▸ **Work item**
Omit all pictures, and print word for word only the lines from the one containing "55级/20黄/女主/13个五星角色/3个五星武器/克洛琳德/纳西妲" through the end of the data.

▸ **Data**
• • • •

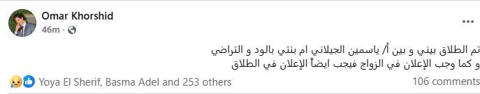 وقال عمر خورشيد، عبر حسابه على فيسبوك: تم الطلاق بيني وبين ياسمين الجيلاني أم بنتي بالود والتراضي، وكما وجب الإعلان في الزواج، فيجب أيضا الإعلان في الطلاق.
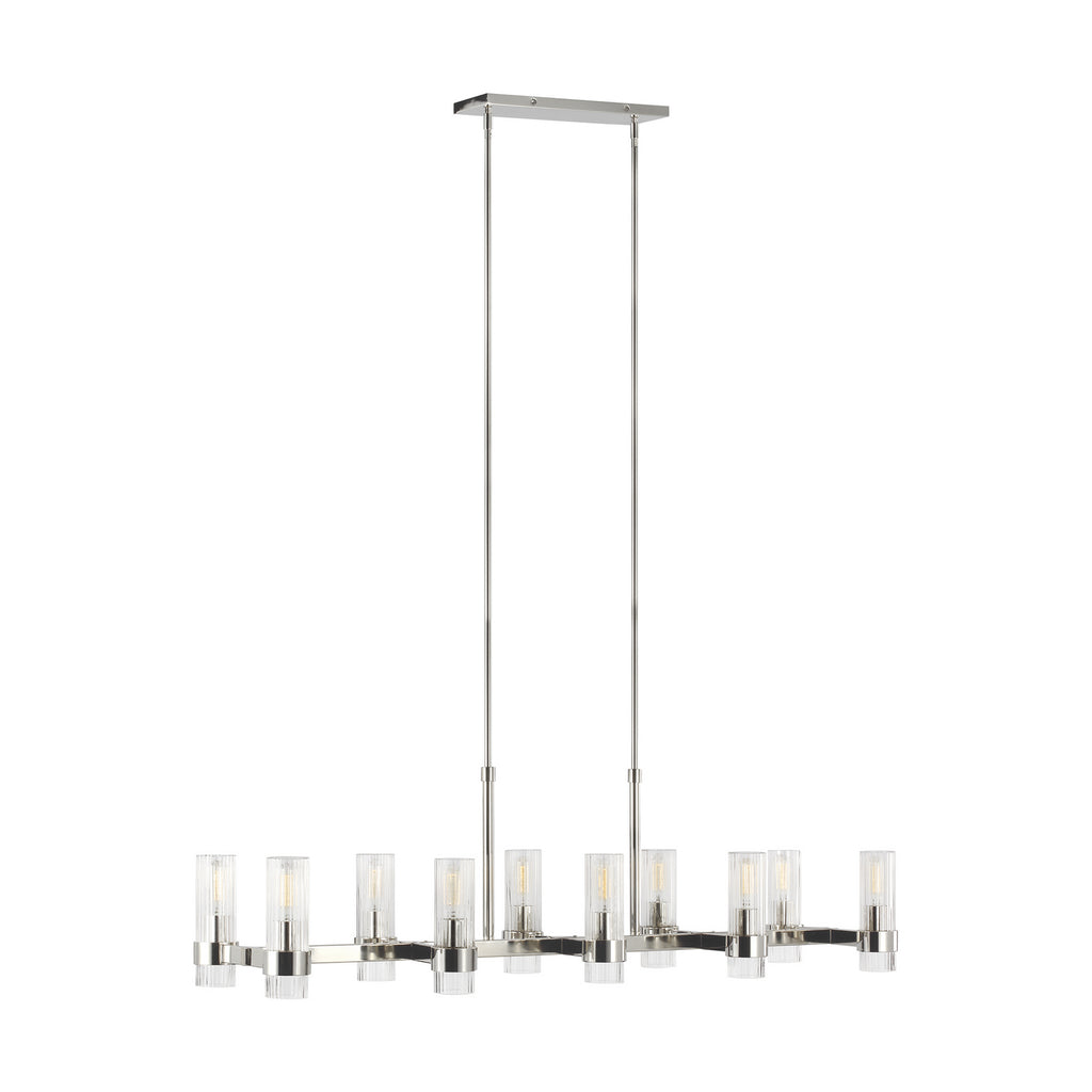 In the Geneva ten light billiard island chandelier, slender fluted shades form an elegant, dynamic silhouette that's balanced by a strong frame of Burnished Brass or Polished Nickel.
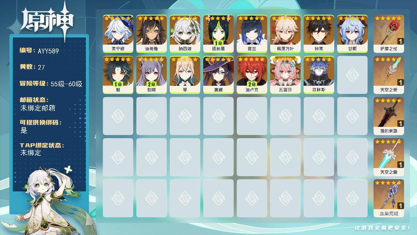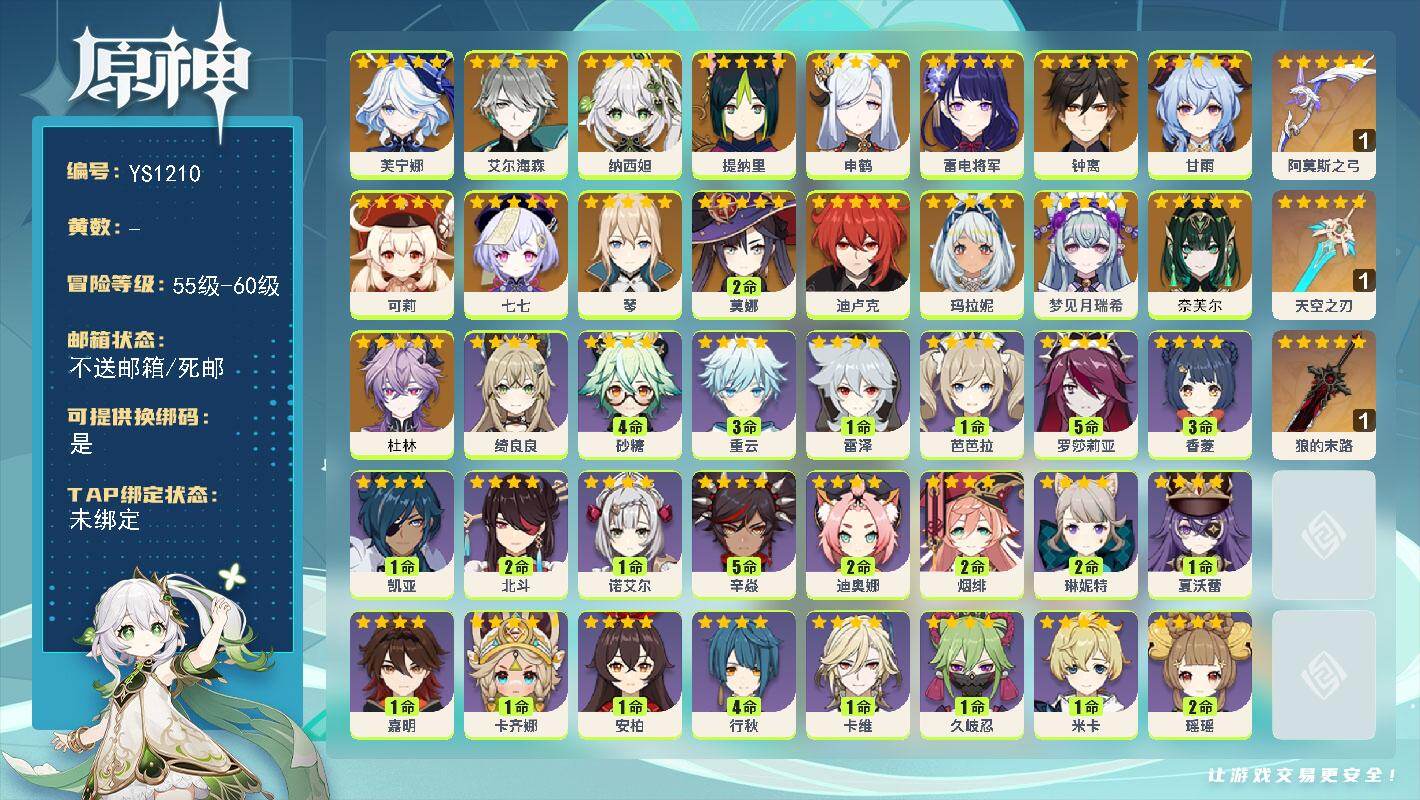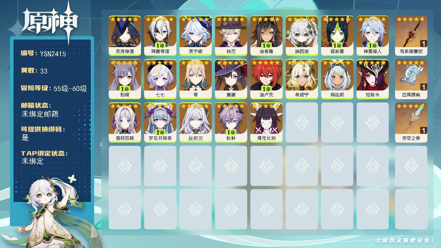 55级/20黄/女主/13个五星角色/3个五星武器/克洛琳德/纳西妲
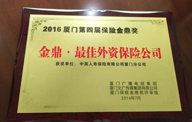 廈門第四屆保險金鼎獎頒獎典禮在廈門市文化藝術中心五一文化廣場隆重舉辦。在本次頒獎典禮中,頒發(fā)了包括社會責任獎、公益先鋒獎、優(yōu)質服務獎、民生保障貢獻獎、最佳外資保險公司等獎項。廈門中英人壽憑借高端卓越的外資品牌、快速穩(wěn)健的業(yè)務發(fā)展、高效專業(yè)的客戶服務在此次評選中脫穎而出,榮獲 “最佳外資保險公司”稱號。據(jù)悉,中英人壽是本次金鼎獎中唯一獲得殊榮的外資壽險公司。廈門中英人壽總經(jīng)理周磊女士代表公司接受榮譽,并借助頒獎典禮感謝一路走來關心、支持廈門中英人壽成長的各界人士,公司將持續(xù)堅持“以客戶為中心”的服務理念,穩(wěn)健經(jīng)營,突顯優(yōu)勢,讓中英人壽真心實意地“關愛萬家”。 廈門第四屆保險金鼎獎評選活動由廈門市金融工作辦公室指導、廈門文廣傳媒集團主辦、廈門廣播電視廣告有限公司承辦,自2016年6月28日啟動,歷時十余天,評選范圍涉及2016年度在廈門經(jīng)營的內(nèi)、外資保險公司共計30余家,通過網(wǎng)絡投票、公司評測、專家評估等綜合方式搜集數(shù)據(jù),對各保險公司進行綜合考評。廈門保險金鼎獎評選活動已連續(xù)舉辦四屆,在廈門保險行業(yè)中具有一定的影響力。 |
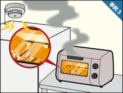 토스터에서 연기가 나서 경보기가 울렸다.
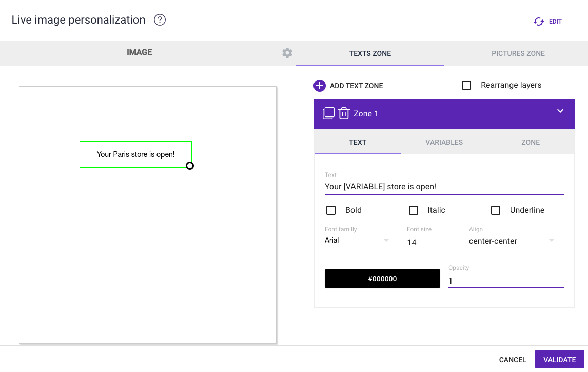 The example below tells the customer that the xx store near them is open, using the Live Image Personalization.

• • • •

▸ **Result of this exercise**
 55级/20黄/女主/13个五星角色/3个五星武器/克洛琳德/纳西妲
 廈門第四屆保險金鼎獎頒獎典禮在廈門市文化藝術中心五一文化廣場隆重舉辦。在本次頒獎典禮中,頒發(fā)了包括社會責任獎、公益先鋒獎、優(yōu)質服務獎、民生保障貢獻獎、最佳外資保險公司等獎項。廈門中英人壽憑借高端卓越的外資品牌、快速穩(wěn)健的業(yè)務發(fā)展、高效專業(yè)的客戶服務在此次評選中脫穎而出,榮獲 “最佳外資保險公司”稱號。據(jù)悉,中英人壽是本次金鼎獎中唯一獲得殊榮的外資壽險公司。廈門中英人壽總經(jīng)理周磊女士代表公司接受榮譽,并借助頒獎典禮感謝一路走來關心、支持廈門中英人壽成長的各界人士,公司將持續(xù)堅持“以客戶為中心”的服務理念,穩(wěn)健經(jīng)營,突顯優(yōu)勢,讓中英人壽真心實意地“關愛萬家”。 廈門第四屆保險金鼎獎評選活動由廈門市金融工作辦公室指導、廈門文廣傳媒集團主辦、廈門廣播電視廣告有限公司承辦,自2016年6月28日啟動,歷時十余天,評選范圍涉及2016年度在廈門經(jīng)營的內(nèi)、外資保險公司共計30余家,通過網(wǎng)絡投票、公司評測、專家評估等綜合方式搜集數(shù)據(jù),對各保險公司進行綜合考評。廈門保險金鼎獎評選活動已連續(xù)舉辦四屆,在廈門保險行業(yè)中具有一定的影響力。 |
 토스터에서 연기가 나서 경보기가 울렸다.
 The example below tells the customer that the xx store near them is open, using the Live Image Personalization.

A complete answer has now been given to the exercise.